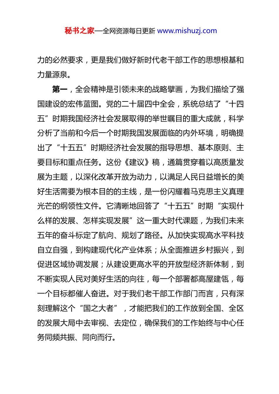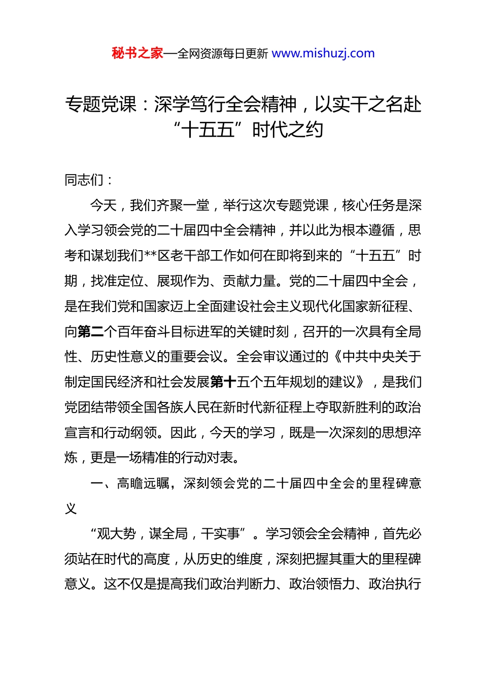 秘书之家—全网资源每日更新 www.mishuzj.com专题党课:深学笃行全会精神,以实干之名赴“十五五”时代之约 同志们:今天,我们齐聚一堂,举行这次专题党课,核心任务是深入学习领会党的二十届四中全会精神,并以此为根本遵循,思考和谋划我们**区老干部工作如何在即将到来的“十五五”时期,找准定位、展现作为、贡献力量。党的二十届四中全会,是在我们党和国家迈上全面建设社会主义现代化国家新征程、向第二个百年奋斗目标进军的关键时刻,召开的一次具有全局性、历史性意义的重要会议。全会审议通过的《中共中央关于制定国民经济和社会发展第十五个五年规划的建议》,是我们党团结带领全国各族人民在新时代新征程上夺取新胜利的政治宣言和行动纲领。因此,今天的学习,既是一次深刻的思想淬炼,更是一场精准的行动对表。一、高瞻远瞩,深刻领会党的二十届四中全会的里程碑意义“观大势,谋全局,干实事”。学习领会全会精神,首先必须站在时代的高度,从历史的维度,深刻把握其重大的里程碑意义。这不仅是提高我们政治判断力、政治领悟力、政治执行秘书之家—全网资源每日更新 www.mishuzj.com力的必然要求,更是我们做好新时代老干部工作的思想根基和力量源泉。第一,全会精神是引领未来的战略擘画,为我们描绘了强国建设的宏伟蓝图。党的二十届四中全会,系统总结了“十四五”时期我国经济社会发展取得的举世瞩目的重大成就,科学分析了当前和今后一个时期我国发展面临的内外环境,明确提出了“十五五”时期经济社会发展的指导思想、基本原则、主要目标和重点任务。这份《建议》稿,通篇贯穿着以高质量发展为主题,以深化改革开放为动力,以满足人民日益增长的美好生活需要为根本目的的主线,是一份闪耀着马克思主义真理光芒的纲领性文件。它清晰地回答了“十五五”时期“实现什么样的发展、怎样实现发展”这一重大时代课题,为我们未来五年的奋斗标定了航向、规划了路径。从加快实现高水平科技自立自强,到构建现代化产业体系;从全面推进乡村振兴,到促进区域协调发展;从建设更高水平的开放型经济新体制,到不断实现人民对美好生活的向往,每一个部署都高屋建瓴,每一个目标都催人奋进。对于我们老干部工作部门而言,只有深刻理解这个“国之大者”,才能把我们的工作放到全国、全区的发展大局中去审视、去定位,确保我们的工作始终与中心任务同频共振、同向而行。秘书之家—全网资源每日更新 www.mishuzj.com第二,全会精神是指导实践的科学指南,为我们提供了砥砺前行的思想武器。思想是行动的先导。全会精神的核心要义,集中体现在一系列新思想、新论断、新要求上。全会再次深刻阐明,“两个确立”是战胜一切艰难险阻、应对一切不确定性的最大确定性、最大底气、最大保证。这要求我们必须把深刻领悟“两个确立”的决定性意义作为首要政治任务,不断增强“四个意识”、坚定“四个自信”、做到“两个维护”,始终在思想上政治上行动上同以习近平同志为核心的党中央保持高度一致。全会强调要坚持和加强党的全面领导,坚持以人民为中心的发展思想,坚持稳中求进工作总基调。这些重要的原则和理念,既是对过去成功经验的深刻总结,也为我们应对未来挑战提供了根本遵循。我们做老干部工作的同志,离党和人民最近,服务的是为党和人民事业奋斗一生的功臣。因此,我们更要带头学深悟透这些科学指南,将其内化为我们的政治信念,外化为我们服务老干部的具体行动,确保老干部工作始终沿着正确政治方向前进。第三,全会精神是推进治理的强大引擎,为我们擘画了社会建设的崭新格局。国家治理体系和治理能力现代化,是实现社会主义现代化的重要保障。党的二十届四中全会,对推进国家治理体系和治理能力现代化作出了新的战略部署。其中,在秘书之家—全网资源每日更新 www.mishuzj.com增进民生福祉、提高人民生活品质方面,全会提出了健全社会保障体系、推进健康中国建设、积极应对人口老龄化等一系列重大举措。这充分体现了我们党深厚的为民情怀和强烈的历史担当。积极应对人口老龄化已经上升为国家战略,而老干部工作,正是这项战略的重要组成部分。全会关于养老服务体系建设、...
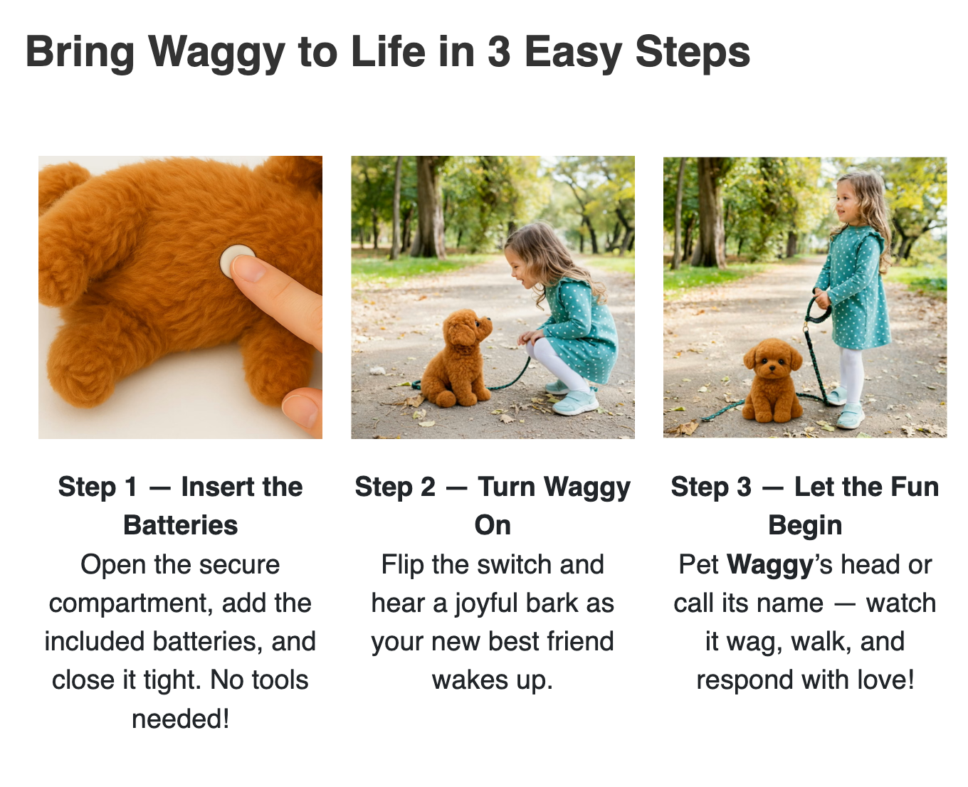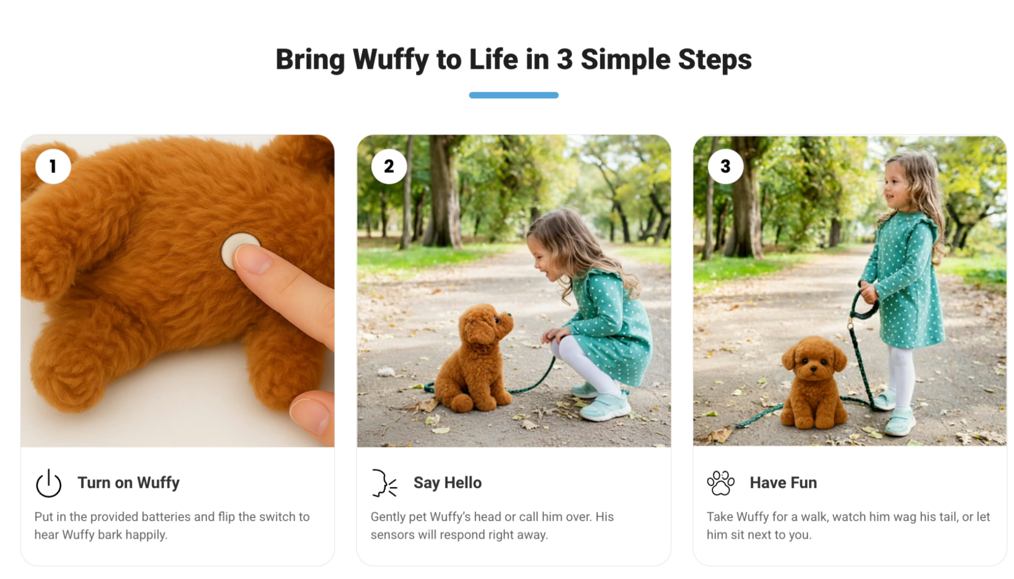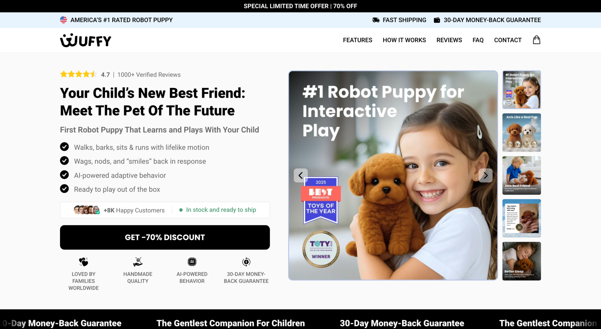 “This robotic puppy looks so real, it completely fooled my neighbor, who’s a veterinarian,” begins the grandfather narrator in a YouTube ad for Wuffy – a toy puppy that purportedly uses AI to play and bond with humans just like a real dog. The grandfather, who has gifted a Wuffy to his granddaughter, Emma, who is seen playing with Wuffy in the ad, continues:
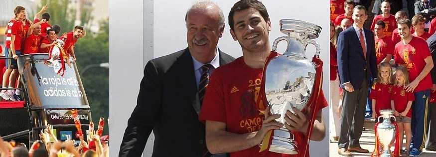 Đêm qua, từ mảnh đất chiến thắng Kiev, thầy trò Vicente del Bosque đã đáp chuyến bay về nước. Ngay từ cảng hàng không Madrid, họ được chào đón như những anh hùng dân tộc. Trước khi dự lễ diễu hành cúp vô địch theo thông lệ trên chiếc xe buýt hai tầng, toàn bộ thành viên đội tuyển được đưa tới cung điện Zarzuela làm lễ báo công trước nhà vua Juan Carlos.
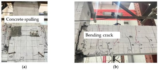 Specimen XJ exhibited a beam-end bending failure pattern, as shown in Figure 11a. The poor tensile performance of concrete leads to rapid cracking of the tensile zone of the beam under external forces, transferring stress to the steel bars. Therefore, the first vertical crack appeared in the beam’s tension area, and then oblique cracks began to appear in the area closer to beam–column interfaces. When loading entered the late stage, macroscopic cracks appeared at the end of the beam. Finally, the beam–column connections’ concrete fell off, the reinforcement yielded, and the specimens were severely damaged. The integral RC beam–column connections had significant brittleness characteristics and poor seismic performance. Although the failure pattern of assembled specimens was also beam-end bending, MRPC’s tensile strength was higher, and the steel fibers could better inhibit crack occurrence and development; the number and width of cracks were significantly reduced. In addition, there was no concrete spalling off the MRPC surface, as shown in Figure 11.
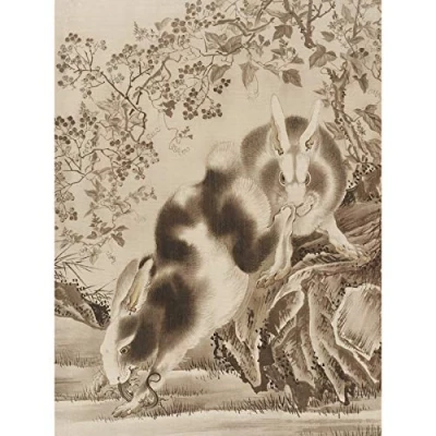 Kyosai Zwei Kaninchen Baum Japanische Malerei Premium Wandbild Leinwand Druck 45,7 x 61 cm
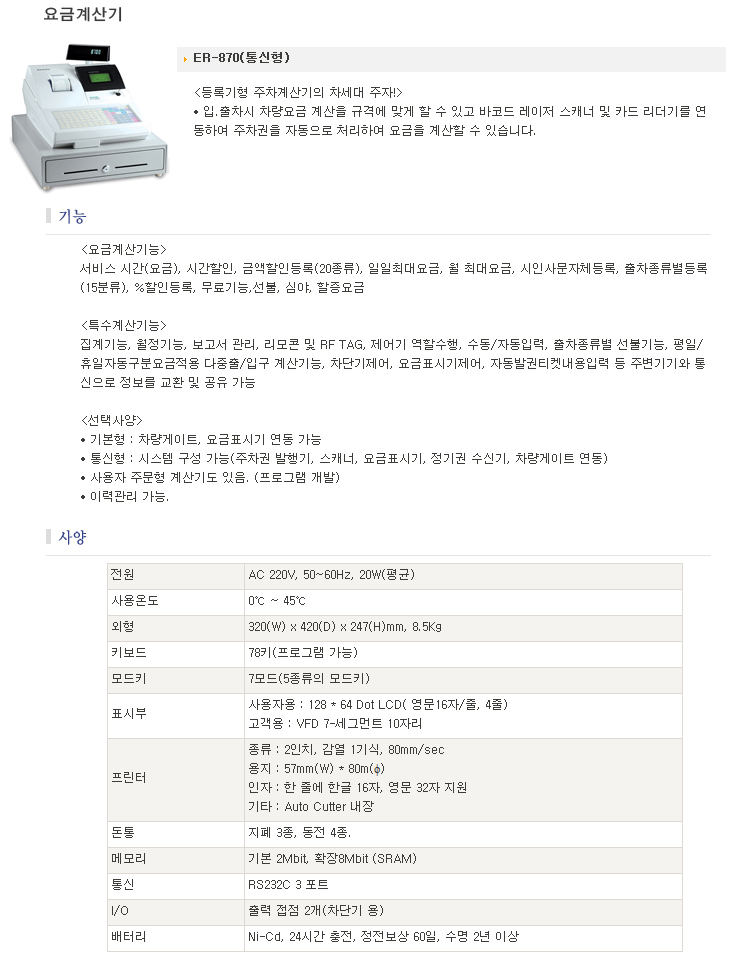 [WT] POSÇü ÁÖÂ÷¿ä±Ý°è»ê±â(ER-870 Åë½ÅÇü/ÁÖÂ÷Â÷´Ü±â ¿¬µ¿Çü)(POS Type Fee Calculation Terminal)
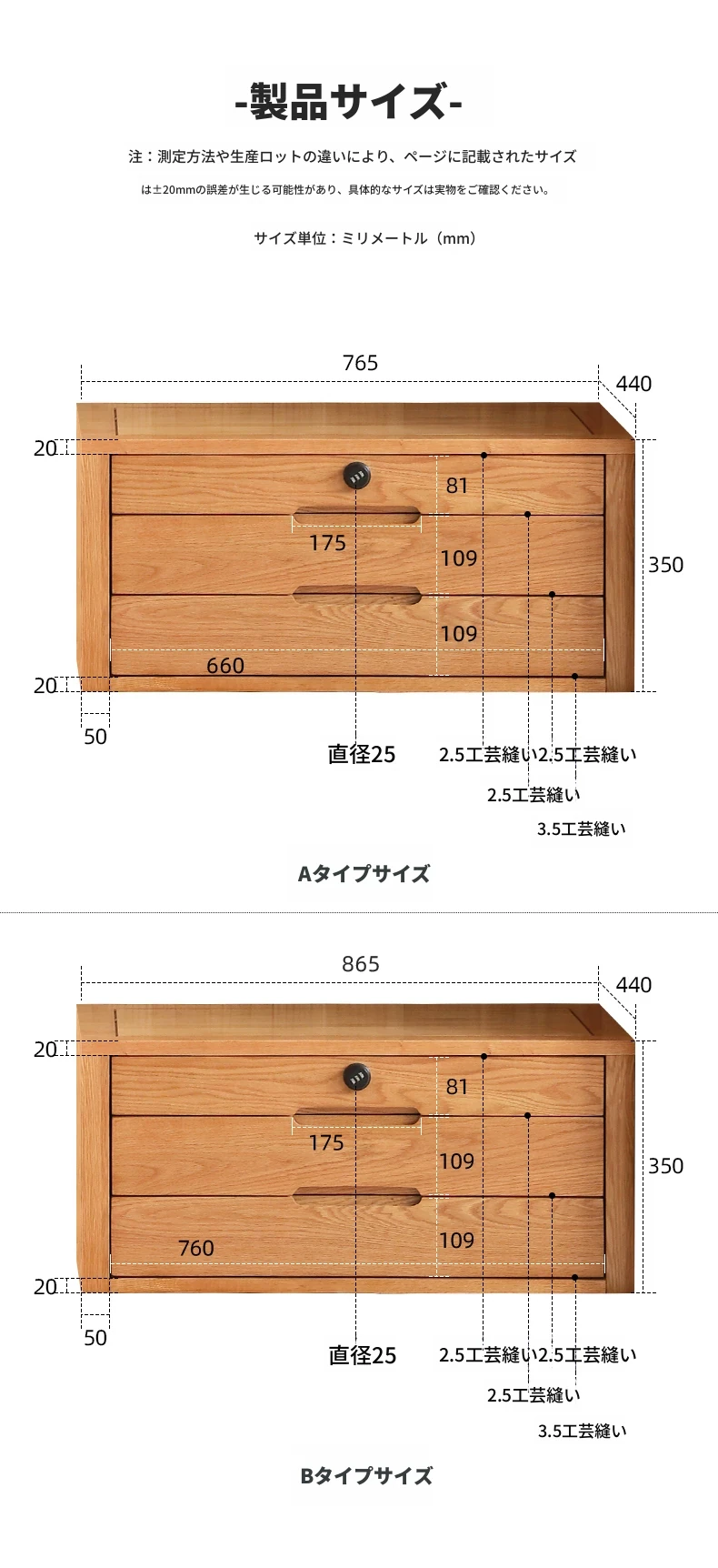 【オーク無垢材色】長さ0.76m/高さ0.35mロック付きキャビネットA(765*440*350mm)
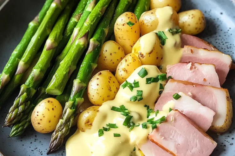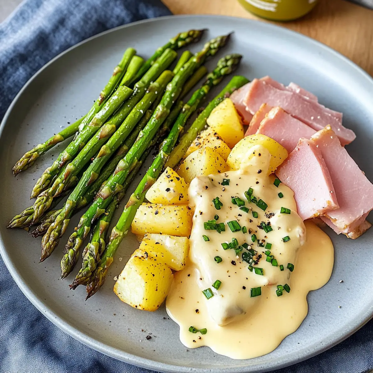 - Nimm einen Teller, schichte die gekochten Kartoffeln, Scheiben Schinken und den dampfenden Spargel darauf. Träufle die Hollandaise darüber.
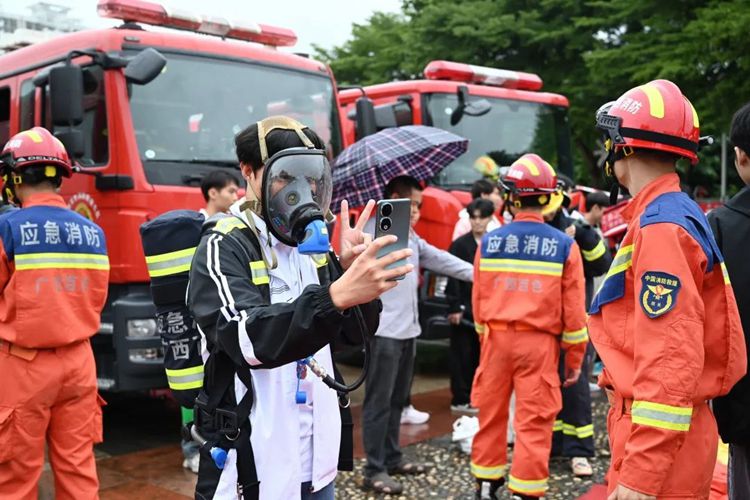啟動(dòng)儀式后,工程學(xué)子們認(rèn)真參觀了各類消防知識(shí)宣傳展,并沉浸式體驗(yàn)了模擬煙霧逃生、身著消防救援服、佩戴空氣呼吸器、體驗(yàn)消防器材使用等,進(jìn)一步提升了消防安全意識(shí)和自救自護(hù)能力。
++++++
**Directions**.
Beginning with the line that contains "Đêm qua, từ" and ending with the final line of the listing, return each line exactly. Omit all pictures.

**Response area**.
 Đêm qua, từ mảnh đất chiến thắng Kiev, thầy trò Vicente del Bosque đã đáp chuyến bay về nước. Ngay từ cảng hàng không Madrid, họ được chào đón như những anh hùng dân tộc. Trước khi dự lễ diễu hành cúp vô địch theo thông lệ trên chiếc xe buýt hai tầng, toàn bộ thành viên đội tuyển được đưa tới cung điện Zarzuela làm lễ báo công trước nhà vua Juan Carlos.
 Specimen XJ exhibited a beam-end bending failure pattern, as shown in Figure 11a. The poor tensile performance of concrete leads to rapid cracking of the tensile zone of the beam under external forces, transferring stress to the steel bars. Therefore, the first vertical crack appeared in the beam’s tension area, and then oblique cracks began to appear in the area closer to beam–column interfaces. When loading entered the late stage, macroscopic cracks appeared at the end of the beam. Finally, the beam–column connections’ concrete fell off, the reinforcement yielded, and the specimens were severely damaged. The integral RC beam–column connections had significant brittleness characteristics and poor seismic performance. Although the failure pattern of assembled specimens was also beam-end bending, MRPC’s tensile strength was higher, and the steel fibers could better inhibit crack occurrence and development; the number and width of cracks were significantly reduced. In addition, there was no concrete spalling off the MRPC surface, as shown in Figure 11.
 Kyosai Zwei Kaninchen Baum Japanische Malerei Premium Wandbild Leinwand Druck 45,7 x 61 cm
 [WT] POSÇü ÁÖÂ÷¿ä±Ý°è»ê±â(ER-870 Åë½ÅÇü/ÁÖÂ÷Â÷´Ü±â ¿¬µ¿Çü)(POS Type Fee Calculation Terminal)
 【オーク無垢材色】長さ0.76m/高さ0.35mロック付きキャビネットA(765*440*350mm)
 - Nimm einen Teller, schichte die gekochten Kartoffeln, Scheiben Schinken und den dampfenden Spargel darauf. Träufle die Hollandaise darüber.
啟動(dòng)儀式后,工程學(xué)子們認(rèn)真參觀了各類消防知識(shí)宣傳展,并沉浸式體驗(yàn)了模擬煙霧逃生、身著消防救援服、佩戴空氣呼吸器、體驗(yàn)消防器材使用等,進(jìn)一步提升了消防安全意識(shí)和自救自護(hù)能力。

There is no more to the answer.